Department of Structural Biology, St. Jude Children's Research Hospital, Memphis, TN, USA.
Department of Chemical Biology and Therapeutics, St. Jude Children's Research Hospital, Memphis, TN, USA.
Nat Commun. 2022 Jan 11;13(1):250. doi: 10.1038/s41467-021-27851-y.

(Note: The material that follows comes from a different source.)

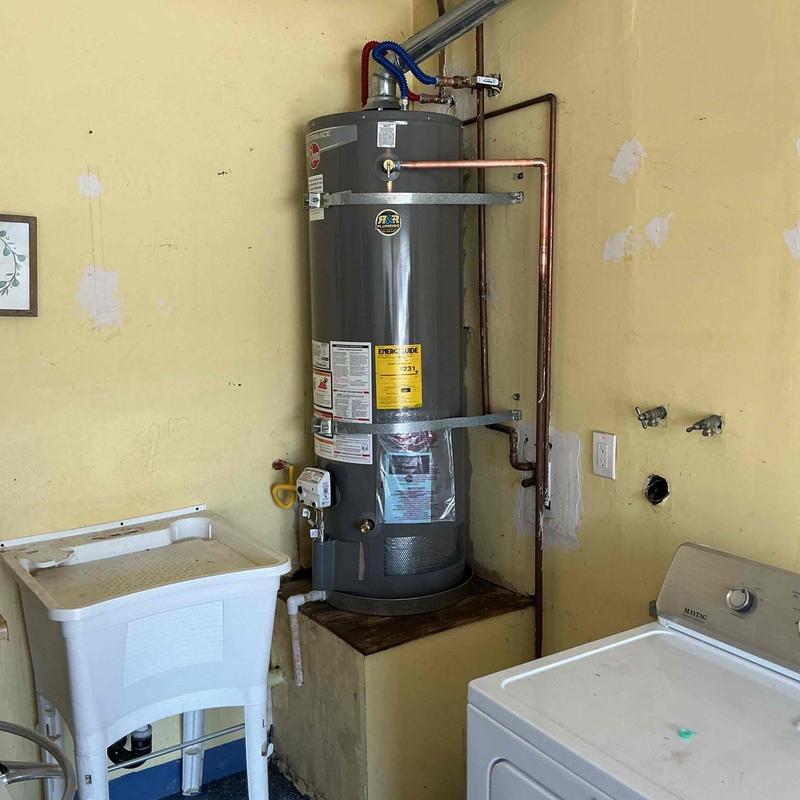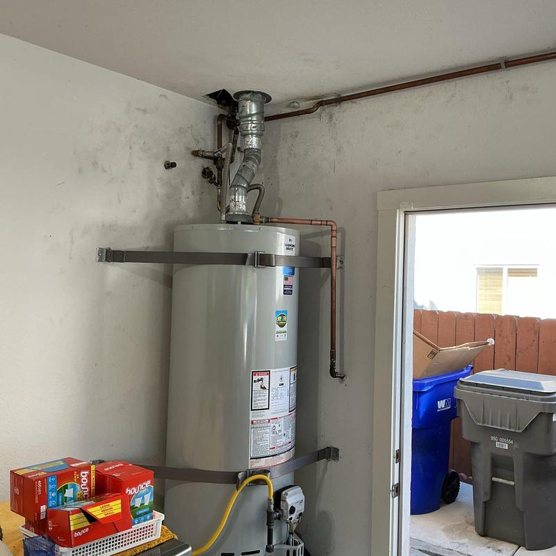 R and R Plumbing replaced an existing water heater with a customer-supplied 40-gallon Rheem unit in Oceanside, California. The team removed old components, installed new supply lines and a shut-off valve, and connected the venting system. They filled and ignited the new heater, then inspected the setup to confirm proper operation and leak-free performance.

BCL-2 proteins regulate mitochondrial poration in apoptosis initiation. How the pore-forming BCL-2 Effector BAK is activated remains incompletely understood mechanistically. Here we investigate autoactivation and direct activation by BH3-only proteins, which cooperate to lower BAK threshold in membrane poration and apoptosis initiation. We define in trans BAK autoactivation as the asymmetric "BH3-in-groove" triggering of dormant BAK by active BAK. BAK autoactivation is mechanistically similar to direct activation. The structure of autoactivated BAK BH3-BAK complex reveals the conformational changes leading to helix α1 destabilization, which is a hallmark of BAK activation. Helix α1 is destabilized and restabilized in structures of BAK engaged by rationally designed, high-affinity activating and inactivating BID-like BH3 ligands, respectively. Altogether our data support the long-standing hit-and-run mechanism of BAK activation by transient binding of BH3-only proteins, demonstrating that BH3-induced structural changes are more important in BAK activation than BH3 ligand affinity.
BCL-2 蛋白调节凋亡起始中的线粒体穿孔。BH3 仅蛋白如何激活形成孔道的 BCL-2 效应因子 BAK 在机制上仍不完全清楚。在这里,我们研究了自激活和 BH3 仅蛋白的直接激活,它们共同降低了膜穿孔和凋亡起始中 BAK 的阈值。我们将跨向 BAK 自激活定义为活性 BAK 对休眠 BAK 的不对称“BH3 在凹槽中”触发。BAK 自激活在机制上类似于直接激活。自激活 BAK BH3-BAK 复合物的结构揭示了导致螺旋 α1 失稳的构象变化,这是 BAK 激活的标志。在通过合理设计的高亲和力激活和失活 BID 样 BH3 配体分别与 BAK 结合的结构中,螺旋 α1 失稳并重新稳定。总的来说,我们的数据支持 BAK 通过 BH3 仅蛋白的短暂结合进行的 hit-and-run 激活的长期存在的机制,表明 BH3 诱导的结构变化在 BAK 激活中比 BH3 配体亲和力更为重要。